For each final clip, Claude writes platform-specific captions:

**Instagram Reel:**
- Hook line (first sentence people see)
- 2-3 sentences of context
- CTA (save, share, follow)
- 20-30 relevant hashtags
- Tone: professional but conversational

**TikTok:**
- Short, punchy caption (1-2 lines max)
- 5-8 hashtags
- Tone: casual, direct

**YouTube Short:**
- Title (under 60 characters, curiosity-driven)
- Description (2-3 sentences)
- Tags

**LinkedIn (if applicable):**
- Longer caption (3-5 sentences with a takeaway)
- Tone: professional, insight-driven

### Step 8: Output

Save everything to the output directory:

```
<output-dir>/
  clip1-FINAL.mp4          # Ready-to-post clip
  clip2-FINAL.mp4
  clip3-FINAL.mp4
  captions.md              # All platform captions for each clip
  summary.md               # Overview: source video, clips made, scores, costs
```

**Output specs:**
- Format: MP4 (H.264)
- Resolution: 1080×1920 (9:16)
- Duration: 15-60 seconds per clip
- Audio: AAC

---

## Workflow Summary

```
User provides video
      ↓
[ASK] "Do you want me to pick the best moments, or do you have specific timestamps?"
      ↓
Whisper transcribes locally (free)
      ↓
Claude scores moments on viral rubric (hook, quotability, emotion, self-contained, surprise)
      ↓
[ASK] "Here are the top N moments with scores. Approve, adjust, or add your own?"
      ↓
FFmpeg extracts raw clips (free)
      ↓
Klap reframes to 9:16 with speaker tracking (~$2/clip)
      ↓
Captions.ai adds animated captions (~$0.15/clip)
      ↓
Claude writes platform-specific captions
      ↓
Output: final clips + captions, ready to post
```

---

## Known Limitations

1. **yt-dlp may fail on some YouTube videos** due to YouTube's evolving download restrictions. Install via `brew install yt-dlp` and keep updated. If download fails, user should download the video manually and provide the local file path.
2. **Klap credit costs** can add up at scale. Each clip costs ~76 credits (44 processing + 32 generation). Monitor credit balance before batch processing.
3. **Captions.ai requires 9:16 input** — always run Klap before Captions.ai, never the other way around.
4. **Whisper base model** is fast but may have transcription errors on technical terms, accents, or overlapping speech.

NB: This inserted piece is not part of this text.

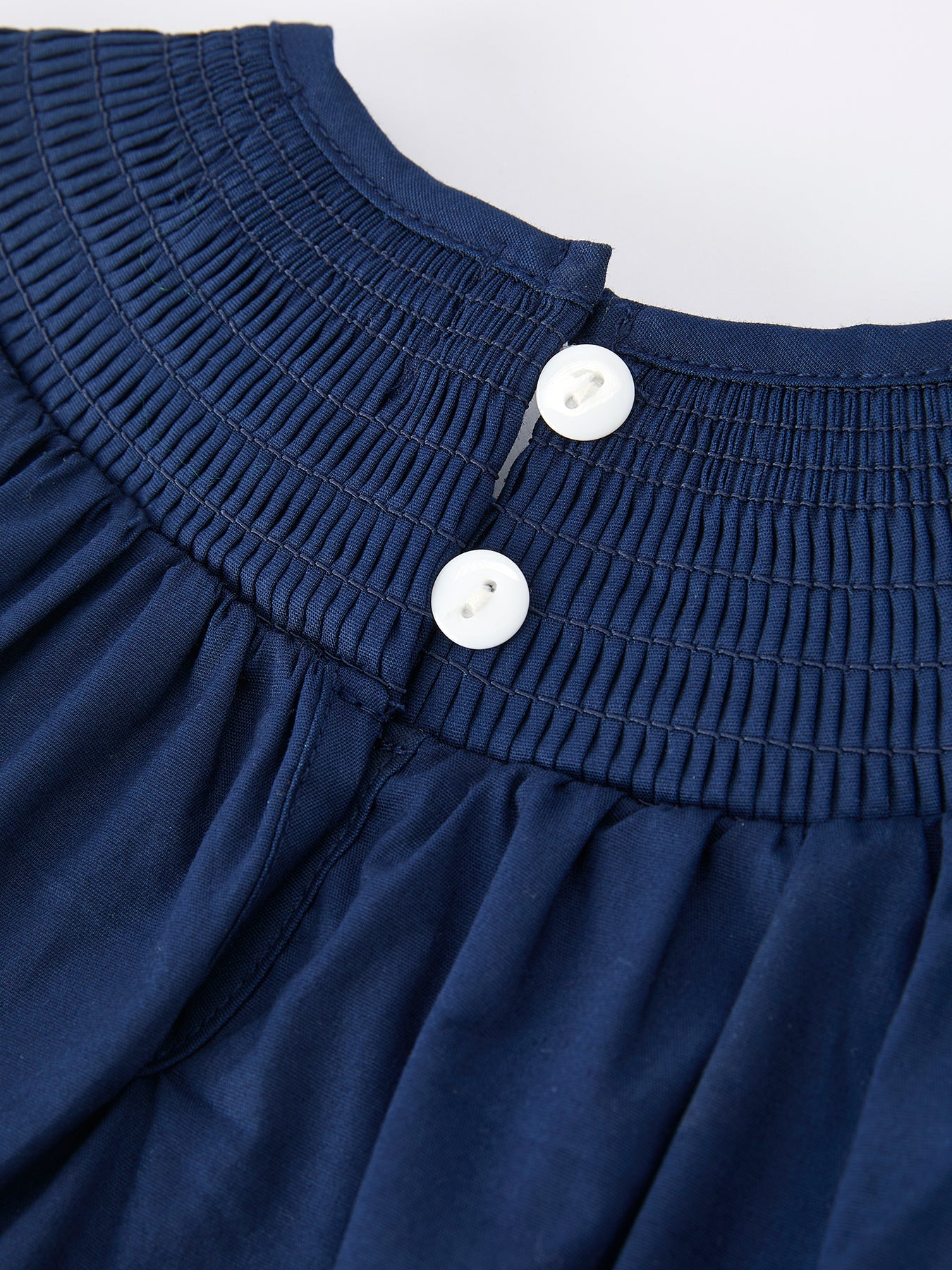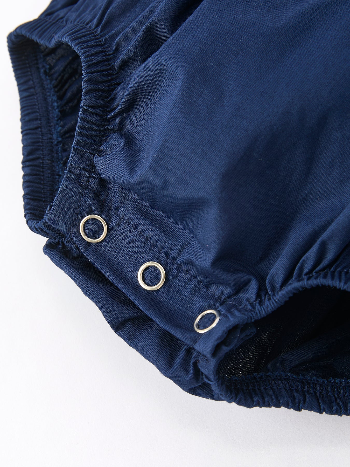 Celebrate the holiday season with this charming Navy Blue Nativity Smocking Embroidered Baby Girls Christmas Romper. Featuring delicate smocking and exquisite embroidery of the nativity scene, this romper adds a meaningful touch to festive gatherings. Crafted for comfort and style, it keeps your little one cozy while making holiday memories truly special. Perfect for photos and family celebrations, this romper blends tradition with adorable design.

Use `whisper.load_model("medium")` for better accuracy at the cost of slower transcription.
5. **Viral scoring is heuristic** — Claude's scoring is based on content patterns, not engagement data. Scores indicate relative quality within a video, not absolute viral potential.
6. **Max 5 minutes per clip** for Captions.ai, and 50MB file size limit. Klap has plan-based limits on video length (45 min to 3 hours depending on plan).
7. **Processing time** — Klap takes 2-5 minutes per clip, Captions.ai takes 1-2 minutes. A batch of 5 clips takes roughly 15-25 minutes total.

---

## Environment Variables

Add these to your `.env` file:

```
KLAP_API_KEY=kak_xxxxx
CAPTIONS_AI_API_KEY=sk-xxxxx
```

No other API keys or local dependencies required. Whisper model downloads automatically on first run.